--- Given data ---

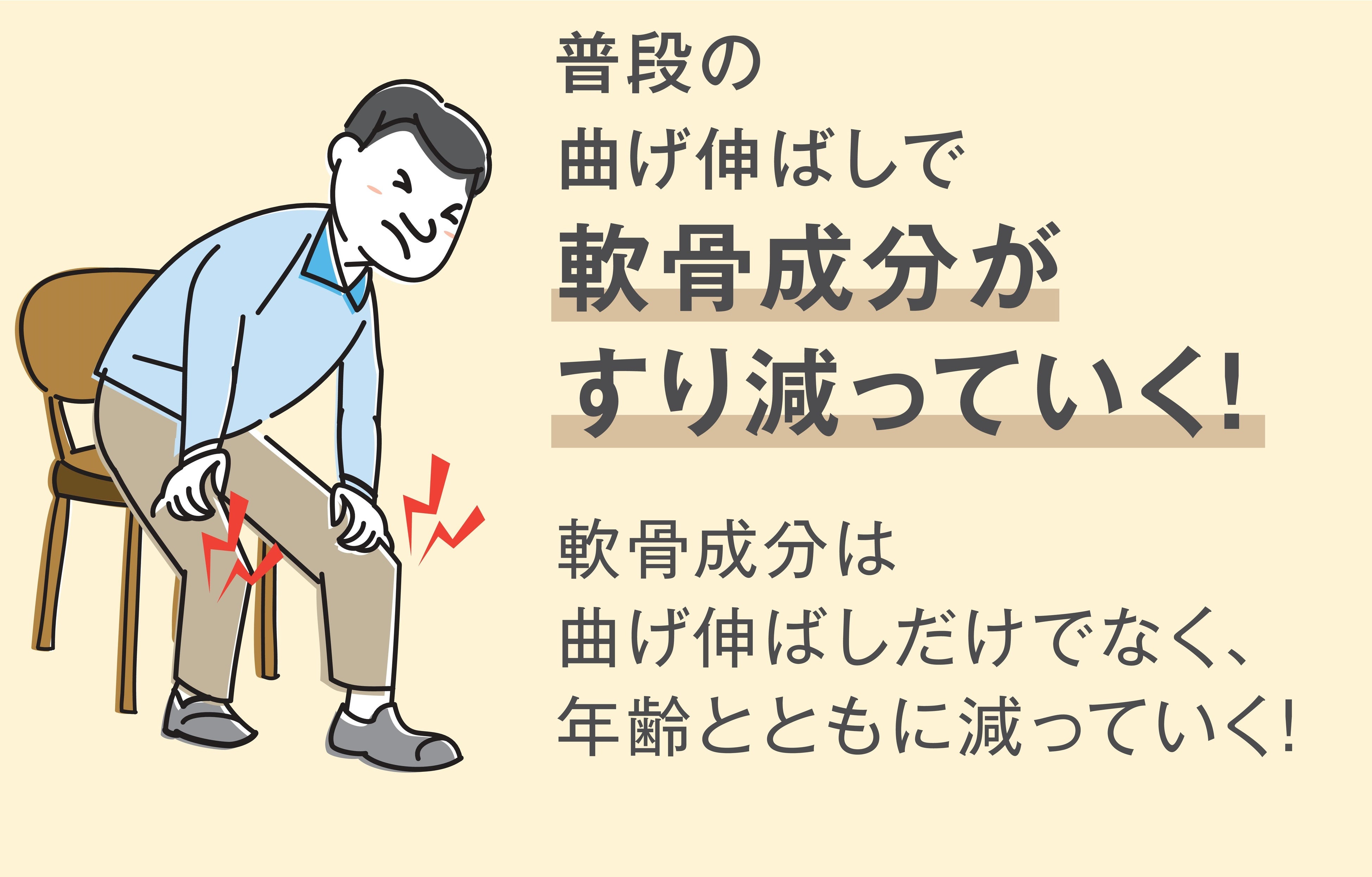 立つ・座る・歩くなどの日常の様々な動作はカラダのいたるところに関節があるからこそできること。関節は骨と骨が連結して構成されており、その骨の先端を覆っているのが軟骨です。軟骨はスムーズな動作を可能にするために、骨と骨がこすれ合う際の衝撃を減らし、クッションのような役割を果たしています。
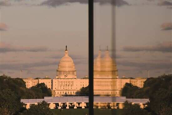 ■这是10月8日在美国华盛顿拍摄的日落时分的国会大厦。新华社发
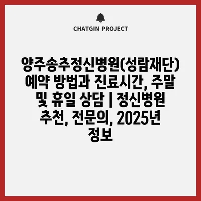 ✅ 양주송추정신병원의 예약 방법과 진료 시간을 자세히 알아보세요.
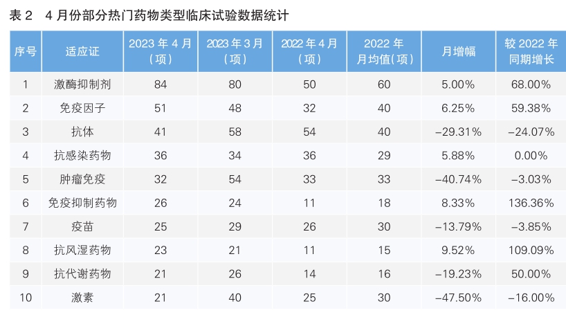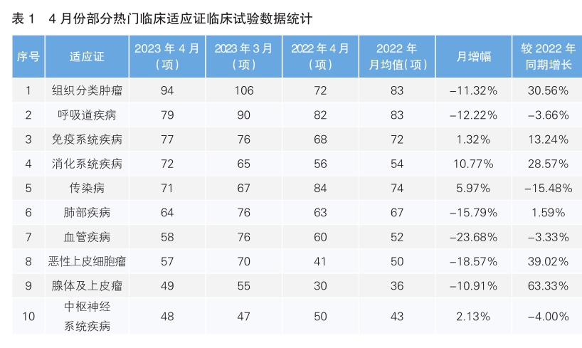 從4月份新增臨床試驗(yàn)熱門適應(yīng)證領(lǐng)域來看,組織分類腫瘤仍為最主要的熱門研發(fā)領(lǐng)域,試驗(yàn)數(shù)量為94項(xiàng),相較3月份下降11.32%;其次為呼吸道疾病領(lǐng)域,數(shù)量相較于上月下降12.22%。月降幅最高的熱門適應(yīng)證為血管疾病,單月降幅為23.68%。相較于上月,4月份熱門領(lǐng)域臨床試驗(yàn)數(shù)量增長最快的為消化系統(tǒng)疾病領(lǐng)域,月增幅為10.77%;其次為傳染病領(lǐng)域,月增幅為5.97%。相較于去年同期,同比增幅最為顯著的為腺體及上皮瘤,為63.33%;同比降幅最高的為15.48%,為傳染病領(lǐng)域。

---

Work order:
Return an exact transcription of the material, with its pictures left out.

Exercise solution:
 立つ・座る・歩くなどの日常の様々な動作はカラダのいたるところに関節があるからこそできること。関節は骨と骨が連結して構成されており、その骨の先端を覆っているのが軟骨です。軟骨はスムーズな動作を可能にするために、骨と骨がこすれ合う際の衝撃を減らし、クッションのような役割を果たしています。
 ■这是10月8日在美国华盛顿拍摄的日落时分的国会大厦。新华社发
 ✅ 양주송추정신병원의 예약 방법과 진료 시간을 자세히 알아보세요.
 從4月份新增臨床試驗(yàn)熱門適應(yīng)證領(lǐng)域來看,組織分類腫瘤仍為最主要的熱門研發(fā)領(lǐng)域,試驗(yàn)數(shù)量為94項(xiàng),相較3月份下降11.32%;其次為呼吸道疾病領(lǐng)域,數(shù)量相較于上月下降12.22%。月降幅最高的熱門適應(yīng)證為血管疾病,單月降幅為23.68%。相較于上月,4月份熱門領(lǐng)域臨床試驗(yàn)數(shù)量增長最快的為消化系統(tǒng)疾病領(lǐng)域,月增幅為10.77%;其次為傳染病領(lǐng)域,月增幅為5.97%。相較于去年同期,同比增幅最為顯著的為腺體及上皮瘤,為63.33%;同比降幅最高的為15.48%,為傳染病領(lǐng)域。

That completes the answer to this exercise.